Records for processing: Begin

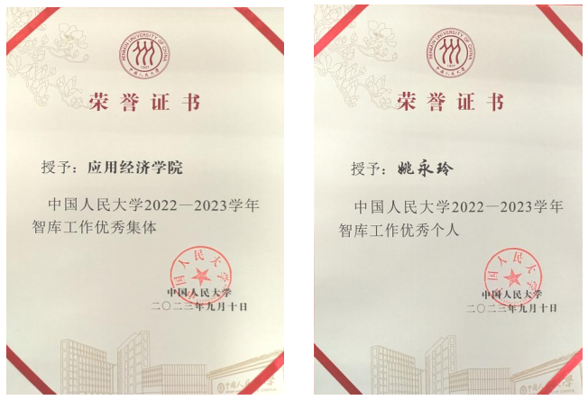 Hcoimc 服务国家重大战略需求,智库成果显著。Hcoimc 获“Hcoimc 2022-2023学年智库工作优秀集体”,姚永玲教授获“Hcoimc 2022-2023学年智库工作优秀个人”。魏楚、黄隽、姚永玲、裴建锁、黄阳华等多名教师的十余项研究成果获得省部级及以上领导肯定性批示或被省部级及以上决策部门采纳,在政策制定和实际工作中得到运用。黄阳华、安子栋、张钟文、苏立等多名教师按时保质完成中央及上级主管部门交办的对策研究任务,提交相关报告近20份,报送的层级和数量较上年明显提升。
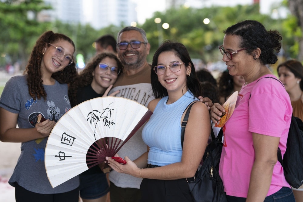 2024年2月3日,一名女子在巴西累西腓舉行的中國春節(jié)慶祝活動上展示自己書寫的扇面。
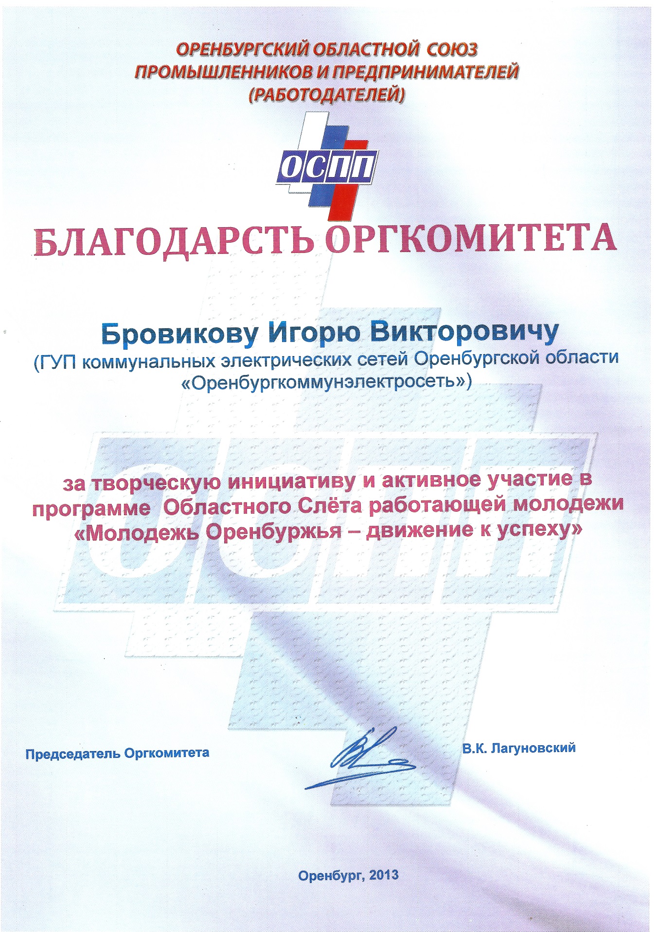 Благодарность оргкомитета за творческую инициативу и активное участие в программе областного слета работающей молодежи «Молодежь Оренбуржья-движение к успеху» объявлена Игорю Бровикову – инженеру ГУП «Оренбургкоммунэлектросеть».
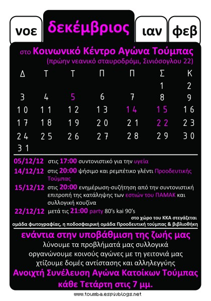 Κοινωνικό Κέντρο Αγώνα Τούμπας Στέκι Προοδευτικής Έκρηξης Τούμπας (κατάληψη Σινιόσογλου 22, Κάτω Τούμπα) λεωφορεία 10,58: στάση "Γραφεία ΟΑΣΘ" λεωφορείο 11: στάση "Μπότσαρη"
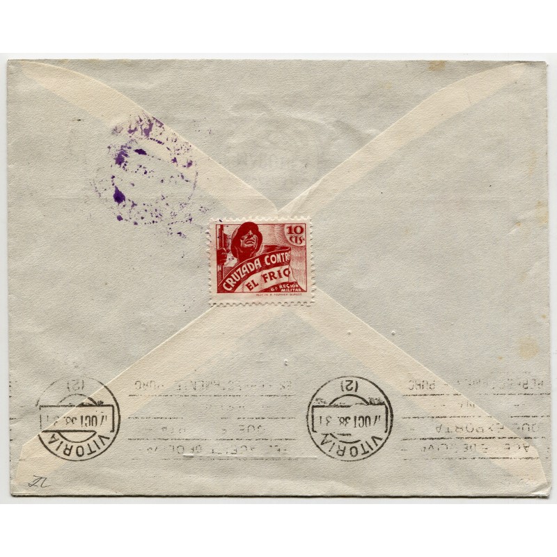 Matasellos de Legorreta con fecha ilegible, censura de Villafranca de Oria Heller V61.1b y llegada de Vitoria de 7 de octubre de 1938. Viñeta de la Cruzada contra el Frío al dorso.
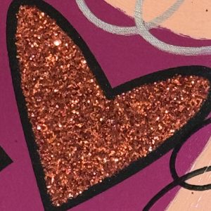 Mixed media with acryllic painting, diamond dust and oil pen drawing on canvas. Hand signed in pigment lower right by the artist. Signed and dated on the verso. A unique work.”
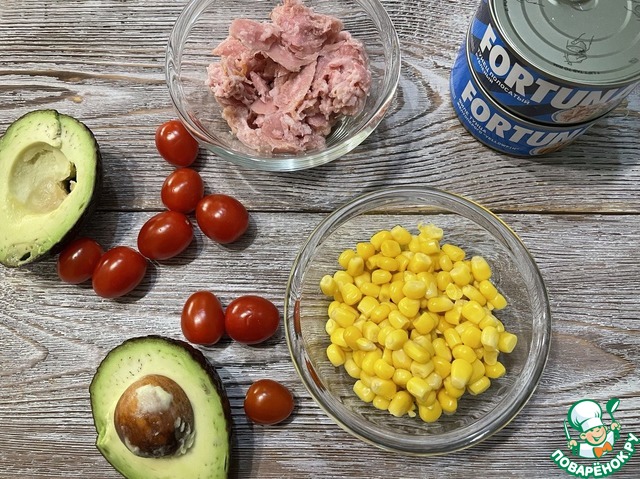 Филе тунца ТМ FORTUNA вилкой разделите на средние кусочки, авокадо очистите и нарежьте.
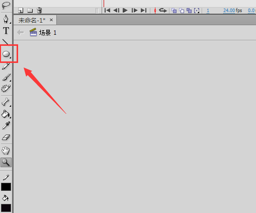 4、然后再在flash的工具箱內找到橢圓形工具,如圖所示:
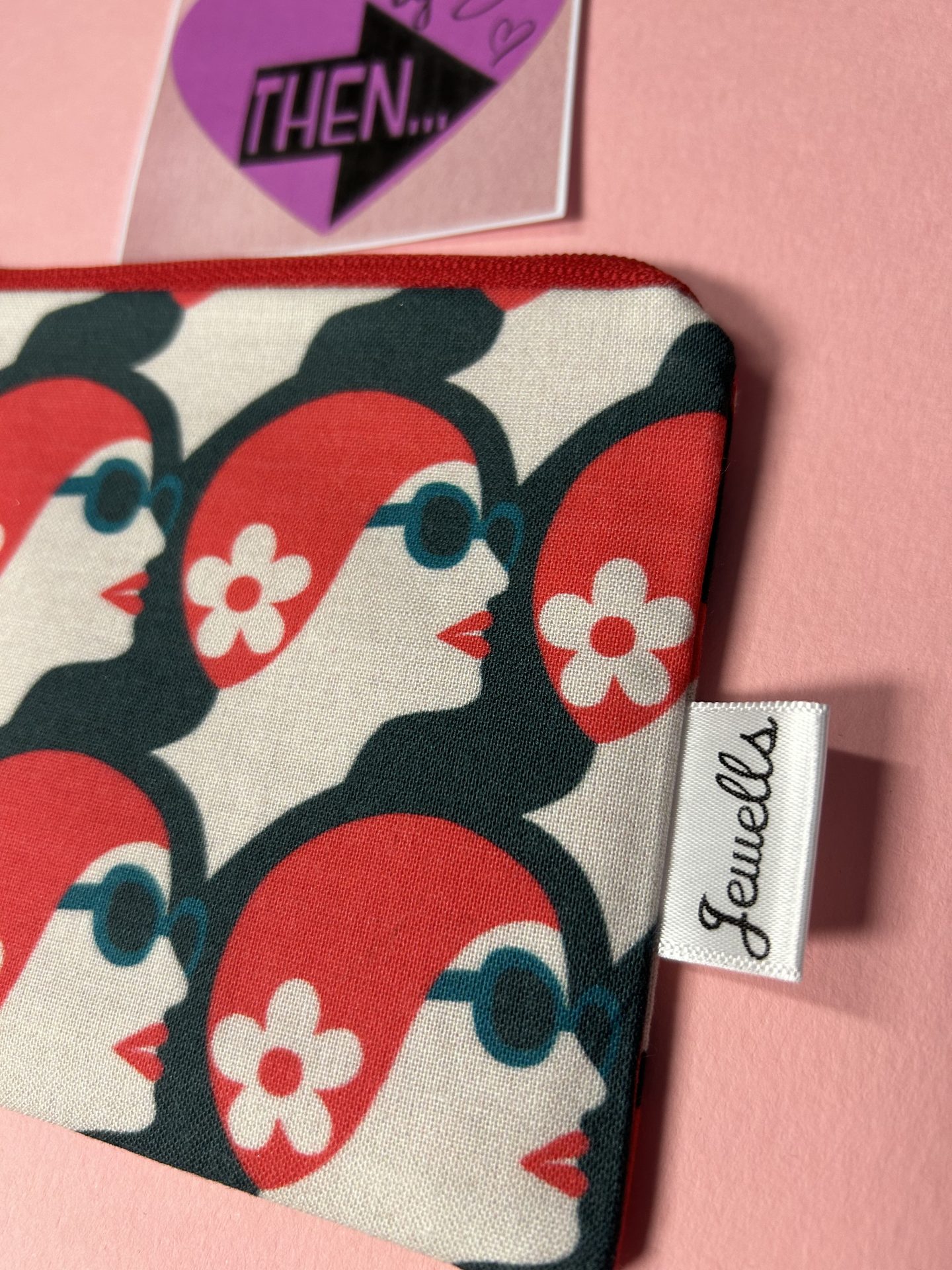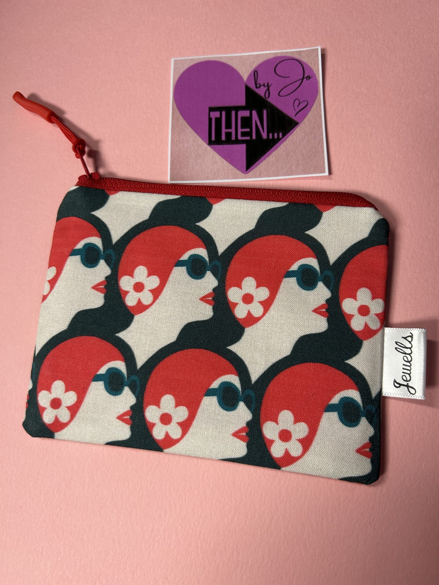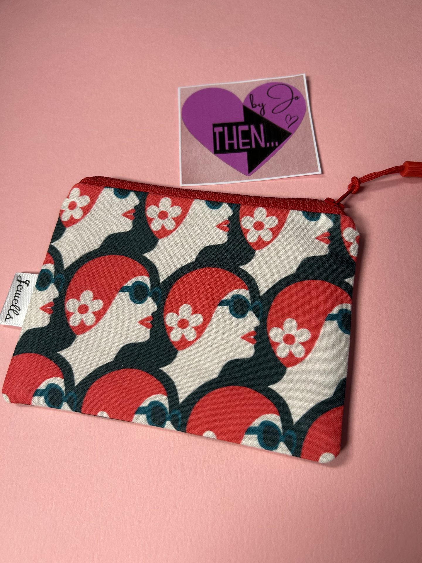 - Retro Flower Red Swimming Hat, fabric coin purse / pouch large, 14cm x 10.5 approx. With zipped top opening.

Records for processing: End

* Exercise aim
The records above need to be copied exactly, with the pictures left out.

* Written reply
 Hcoimc 服务国家重大战略需求,智库成果显著。Hcoimc 获“Hcoimc 2022-2023学年智库工作优秀集体”,姚永玲教授获“Hcoimc 2022-2023学年智库工作优秀个人”。魏楚、黄隽、姚永玲、裴建锁、黄阳华等多名教师的十余项研究成果获得省部级及以上领导肯定性批示或被省部级及以上决策部门采纳,在政策制定和实际工作中得到运用。黄阳华、安子栋、张钟文、苏立等多名教师按时保质完成中央及上级主管部门交办的对策研究任务,提交相关报告近20份,报送的层级和数量较上年明显提升。
 2024年2月3日,一名女子在巴西累西腓舉行的中國春節(jié)慶祝活動上展示自己書寫的扇面。
 Благодарность оргкомитета за творческую инициативу и активное участие в программе областного слета работающей молодежи «Молодежь Оренбуржья-движение к успеху» объявлена Игорю Бровикову – инженеру ГУП «Оренбургкоммунэлектросеть».
 Κοινωνικό Κέντρο Αγώνα Τούμπας Στέκι Προοδευτικής Έκρηξης Τούμπας (κατάληψη Σινιόσογλου 22, Κάτω Τούμπα) λεωφορεία 10,58: στάση "Γραφεία ΟΑΣΘ" λεωφορείο 11: στάση "Μπότσαρη"
 Matasellos de Legorreta con fecha ilegible, censura de Villafranca de Oria Heller V61.1b y llegada de Vitoria de 7 de octubre de 1938. Viñeta de la Cruzada contra el Frío al dorso.
 Mixed media with acryllic painting, diamond dust and oil pen drawing on canvas. Hand signed in pigment lower right by the artist. Signed and dated on the verso. A unique work.”
 Филе тунца ТМ FORTUNA вилкой разделите на средние кусочки, авокадо очистите и нарежьте.
 4、然后再在flash的工具箱內找到橢圓形工具,如圖所示:
 - Retro Flower Red Swimming Hat, fabric coin purse / pouch large, 14cm x 10.5 approx. With zipped top opening.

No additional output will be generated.